Mushroom ingestion (genus Gyromitra): 25 mg/kg IV. Repeat as needed up to a maximum total dose of 15 to 20 g.
Usual Pediatric Dose for Dietary Supplement
5 to 25 mg/day orally, IM, or IV for 3 weeks followed by 1.5 to 2.5 mg/day from a multivitamin product.
Usual Pediatric Dose for Seizures
10 to 100 mg PO, IM, or IV initially, followed by 2 to 100 mg orally daily.
Side effectsdifficulty urinating
InteractionsLevodopa , Alpha-Lipoic Acid
- Single deficiency, as of pyridoxine alone, is rare. Multiple vitamin deficiency is to be expected in any inadequate diet. Patients treated with levodopa should avoid supplemental vitamins that contain more than 5 mg pyridoxine in the daily dose.
- Women taking oral contraceptives may exhibit increased pyridoxine requirements.

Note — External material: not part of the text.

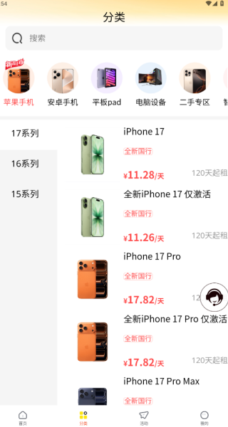 分类筛选功能:通过分类板块,快速筛选出符合需求的数码产品,提升租赁效率。

- To make sure you can safely receive injectable Vitamin B6, tell your doctor if you have heart disease or kidney disease.
- Ask a doctor before using this medicine if you are pregnant or breast-feeding. Your dose needs may be different. High doses of Vitamin B6 can harm a nursing baby.
- Do not give this medicine to a child without medical advice.
Points of recommendation
- Vitamin B6 tablets are taken by mouth. Injectable this medicine is injected into a muscle or into a vein through an IV. You may be shown how to use injections at home. Do not give yourself this medicine if you do not understand how to use the injection and properly dispose of needles, IV tubing, and other items used.
- The recommended dietary allowance of Vitamin B6 increases with age. Follow your healthcare provider's instructions. You may also consult the Office of Dietary Supplements of the National Institutes of Health, or the U.S. Department of Agriculture (USDA) Nutrient Database (formerly "Recommended Daily Allowances") listings for more information.
- Vitamin B6 may be only part of a complete program of treatment that also includes a special diet. Follow the diet plan created for you by your doctor or nutrition counselor. Get familiar with the list of foods you should eat or avoid to help control your condition.